Das Bodenschutzgebot nach dem Baugesetzbuch BauGB
Das Bau- und Raumordnungsgesetz BauROG 1998 hat den städtebaulichen Bodenschutz dadurch aufgewertet, dass der Bodenschutz, der ein wichtiges Ziel einer nachhaltigen Stadtentwicklung ist, im Katalog im § 1 a an erster Stelle genannt wurde. Die allgemeinen Grundsätze des Bodenschutzes sind in § 1 a Abs. 2 zusammengefasst und damit ist, so die amtliche Begründung, den Gemeinden ein Instrument an die Hand gegeben, den komplexen Anforderungen des Schutzes der begrenzten Ressource Boden Rechnung zu tragen. Anknüpfend an die Nachhaltigkeitsstrategie der Bundesregierung verpflichtet der neue § 1 a Abs. 2 Satz 1 die Gemeinden erstmals ausdrücklich, in der Bauleitplanung die vielfältigen Instrumente des Flächenrecyclings, der Nachverdichtung und der Innenentwicklung zu nutzen. § 1 a Abs. 2 Satz 2 enthält eine Umwidmungssperre, Satz 3 stellt klar, dass Ziele des Bodenschutzes in der Abwägung zu berücksichtigen sind.

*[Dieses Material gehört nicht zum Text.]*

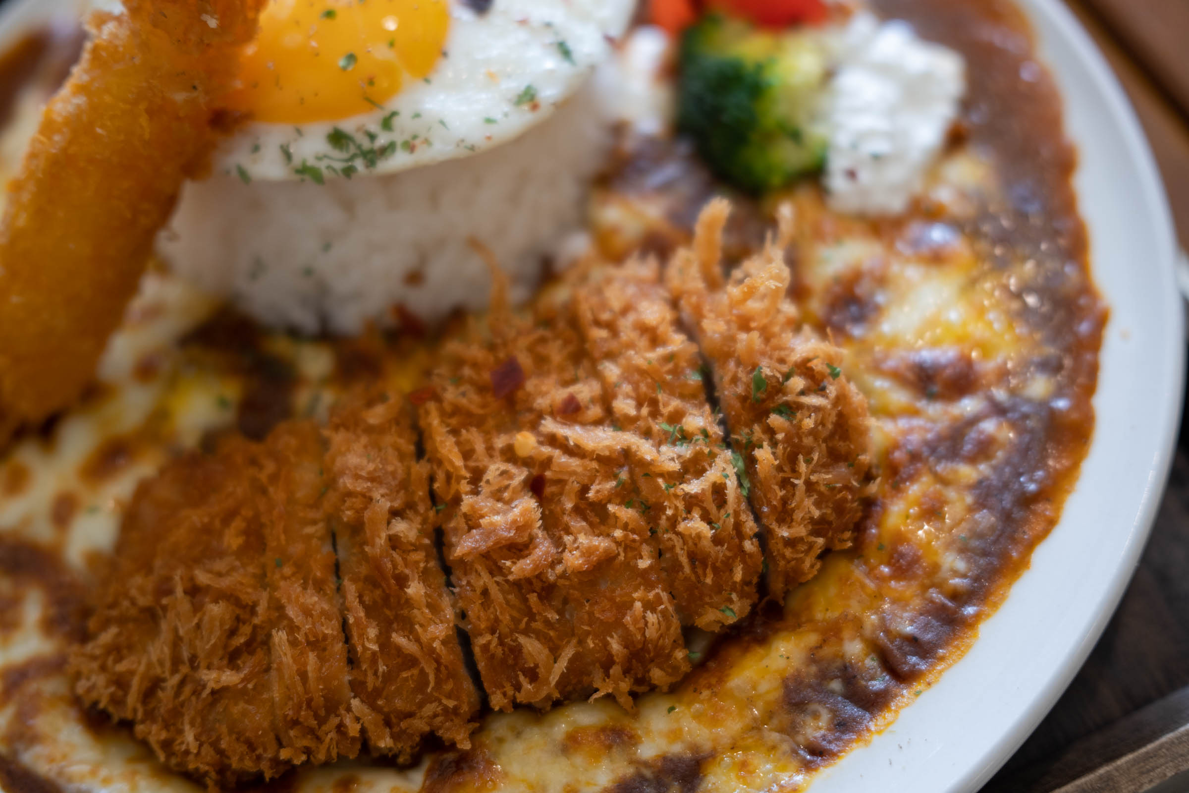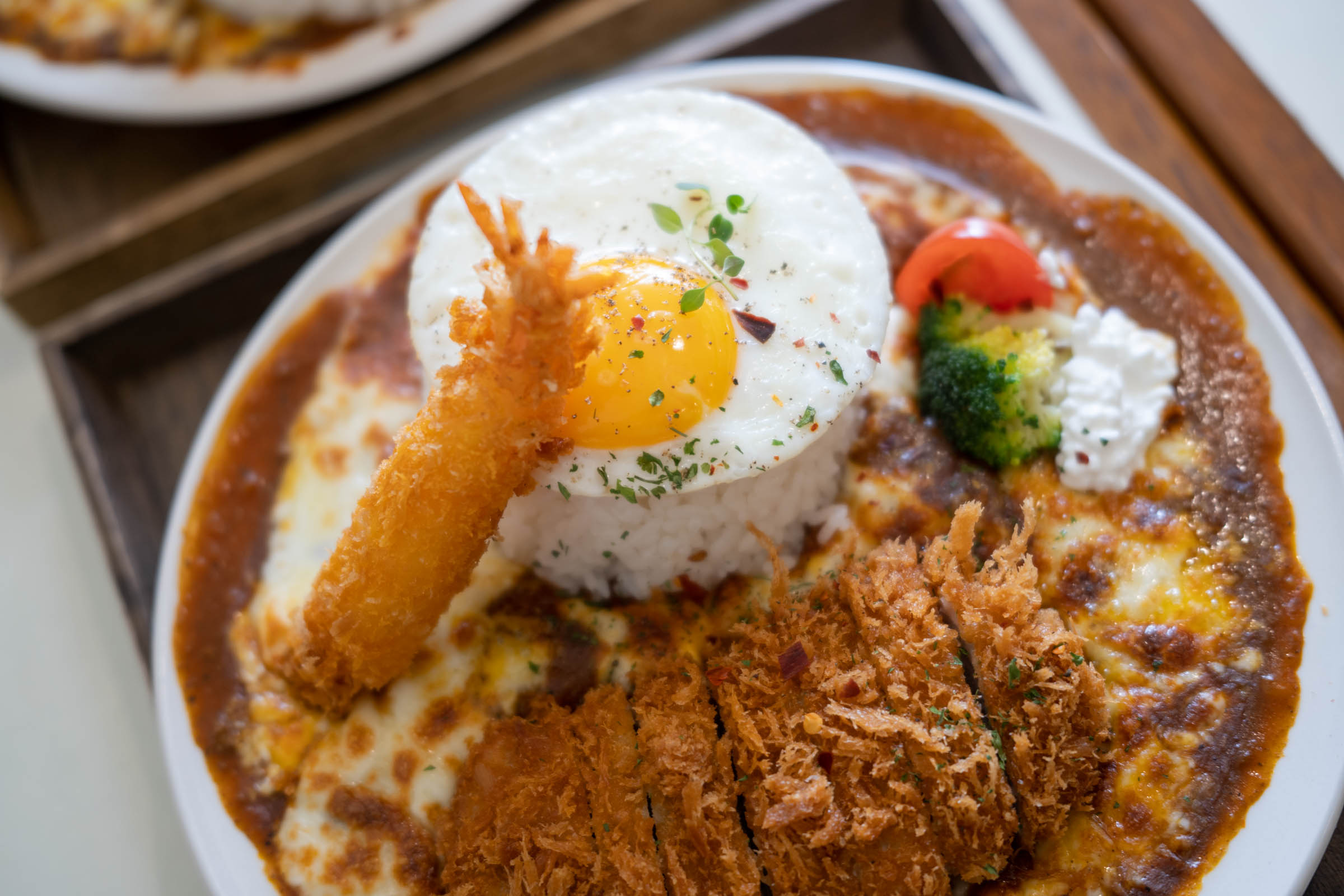푸짐한 한 접시가 나왔습니다. 야끼 카레에 돈카츠와 새우카츠가 올라간 메뉴입니다. 야끼 카레와 일반 카레의 차이는 치즈를 올려 토치로 치즈를 익힌 것 같습니다. 일반 카레에 비해 좀 더 기교를 부린 메뉴가 되겠네요. 카레 본래의 맛을 좋아하시면 일반 카레, 치즈 풍미와 은은한 불 향(?)이 궁금하시면 야끼 카레가 좋겠어요.

Das Schutzgut Boden wird direkt oder indirekt aufgeführt in § 1 (6) Nr. 7 c), § 1 (6) Nr. 7 d), § 1 (6) Nr. 7 g), § 1 (6) Nr. 7 i), § 1 a (2), § 1 a (3), § 2 (4) Satz 1, Anlage zu § 2 (4) und § 2 a, hinzu kommen die Festsetzungsmöglichkeiten nach § 9, insbesondere die Möglichkeit der Festsetzung von Flächen oder Maßnahmen zum Schutz, zur Pflege und zur Entwicklung von Boden, Natur und Landschaft nach § 9 Abs. 1 Nr. 20.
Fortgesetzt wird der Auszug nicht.